Всего через несколько лет мальчик начинал постоянно носить при себе настоящий стальной клинок, хотя и не заточенный. Время «игрушечного» оружия закончилось, и с радостью более острой, чем новое оружие, он отправлялся испытать его на дереве или камне. В пятнадцать лет, достигнув возраста мужчины, юнец получал свободу действий. Он гордился тем, что владеет оружием достаточно острым для любого дела. Само обладание опасным инструментом придавало ему самоуважения и внушало чувство ответственности. «Он не напрасно носит меч»[160]
. Меч, красующийся на поясе – символ того, что юнец носил в уме и сердце, – верности и чести. Отныне он не расставался с двумя мечами, длинным и коротким, соответственно называвшимися дайто и сето, или катана и вакидзаси. В доме они украшали самое видное место в кабинете или гостиной, ночью хранились у изголовья там, где до них легко дотянуться. Они были любимы и почитаемы епе постоянные спутники, им давались ласковые имена. Мечи пользовались огромным почтением, почти поклонением. Отец истории Геродот оставил любопытные сведения о том, что скифы приносили жертвы железному скимитару[161]. Во многих японских семьях и храмах мечи хранят как объекты поклонения. Даже к самому простому кинжалу относились с большим уважением. Любое оскорбление оружия приравнивалось к личной обиде. Горе тому, кто беспечно перешагивал через лежащее на полу оружие!Такой драгоценный предмет не мог не стать объектом внимания художников, как и тщеславной гордости своего владельца, особенно в мирные времена, когда пользы от него было не больше, чем от посоха епископа и скипетра короля. Шероховатая мягкая кожа и лучший шелк для оплетки рукояти, серебро и золото для гарды, лак разных оттенков для ножен заставляли оружие выглядеть не таким смертоносным. Но эти украшения – пустяки в сравнении с самим клинком.

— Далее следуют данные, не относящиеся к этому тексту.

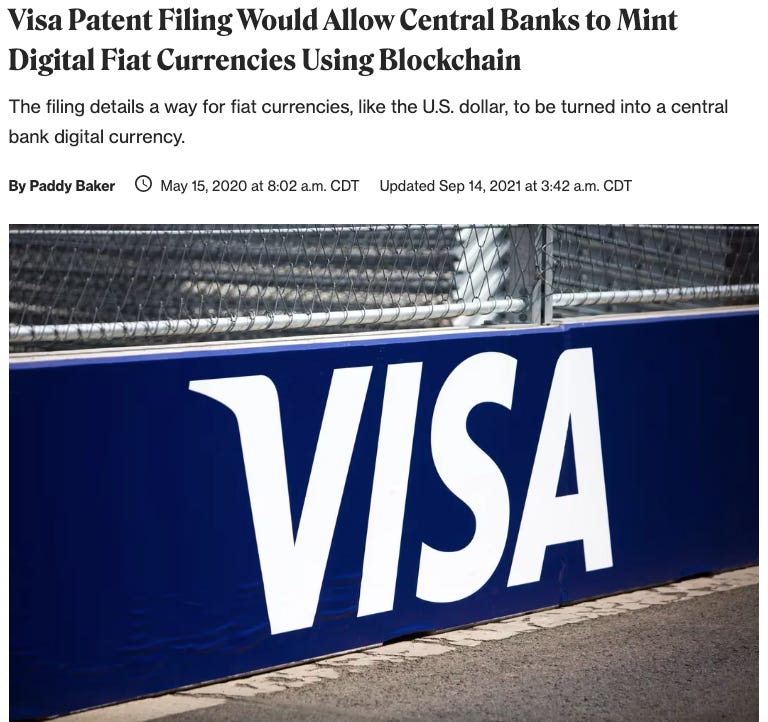 A few weeks later another patent was filed by Visa. This patent develops a “digital fiat currency,” and the most alarming section of the patent states it will “remove physical cash from circulation in a fiat currency system.” In section 7 of the patent it goes even further, stating “the removal of physical currency from circulation includes actively destroying it.”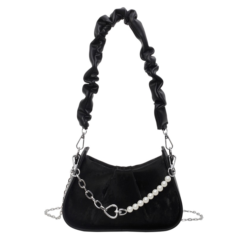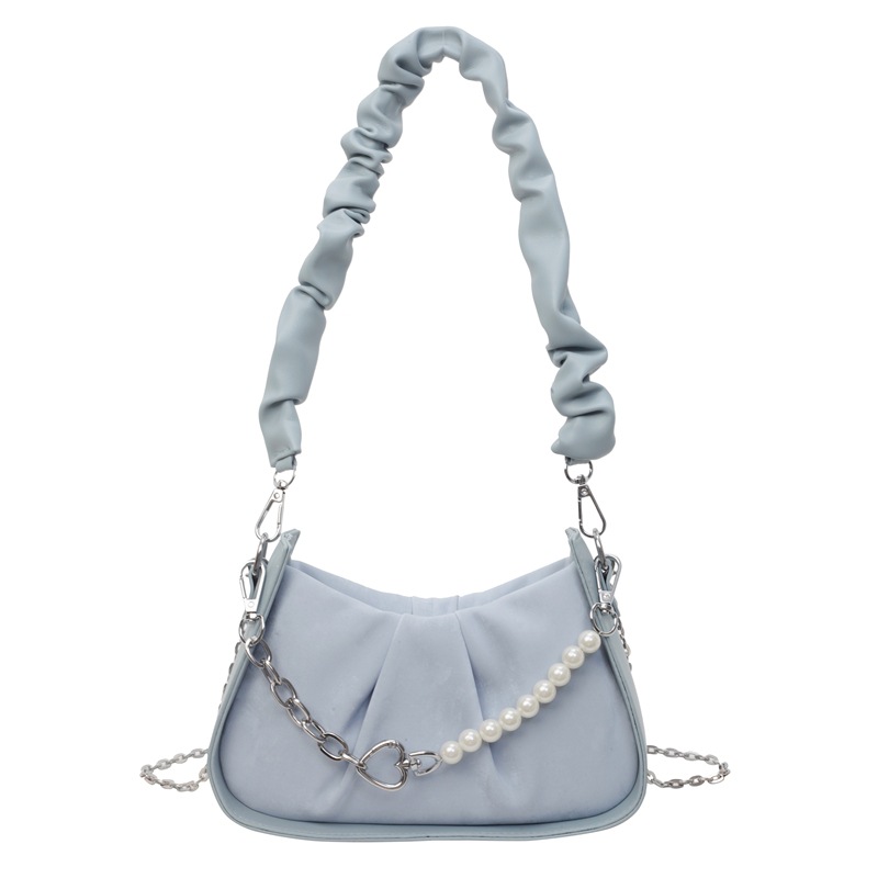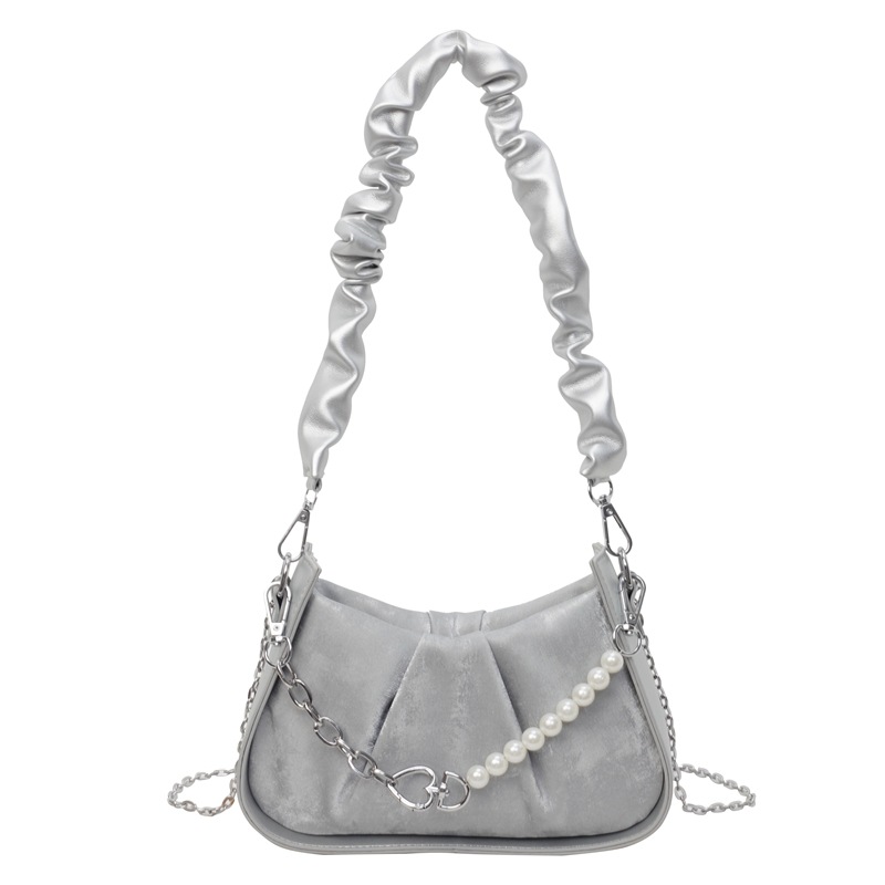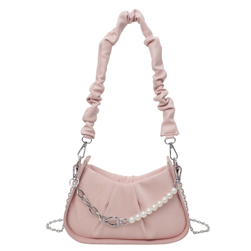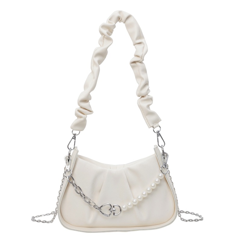 Fashionable women's bag with French niche design, new solid color, simple and stylish pearl chain, pleated and versatile crossbody bag

Оружейник был не простым ремесленником, но вдохновенным художником, а его мастерская – святилищем. Каждый день он начинал работу с молитвы и обряда очищения, он вкладывал ум и душу в ковку и закалку стали. Каждый взмах молота, каждое погружение клинка в воду, каждый поворот шлифовального круга был религиозным актом немалой важности. Что накладывало могучие чары на наш меч – дух мастера или божество-покровитель? Японский меч был совершенством как истинное произведение искусства и мог потягаться с оружием из Толедо и Дамаска, но в нем был нечто большее, что могло ему дать искусство. Холодный клинок, покрывающийся испариной при извлечении из ножен, с безупречной поверхностью, отбрасывающей голубоватые сполохи света, с его непревзойденным лезвием, от которого зависит ход истории и возможное будущее, с изгибом, сочетающем в себе утонченное изящество с огромной силой, – вся эта красота и мощь исполняет нас восторгом, но также благоговением и ужасом. Сколь приятным было бы его предназначение, будь он только воплощением красоты и радости! Но в человеческой руке меч становился сильным соблазном употребить его во зло. Слишком часто клинок сверкал, вырывавшись из своих мирных ножен. Иногда злоупотребление им заходило столь далеко, что меч испытывали на шее какого-нибудь безобидного существа.
Однако больше всего нас интересует, оправдывало ли бусидо неразборчивое применение оружия? Ответ – однозначно нет! Особо подчеркивая уместное его применение, бусидо осуждало злоупотребление клинком и отвергало его. Подлецом или бахвалом считался тот, кто хватался за оружие по пустячному поводу. Человек, наделенный самообладанием, знает, когда наступает верный момент пустить его в ход, но такое случается нечасто.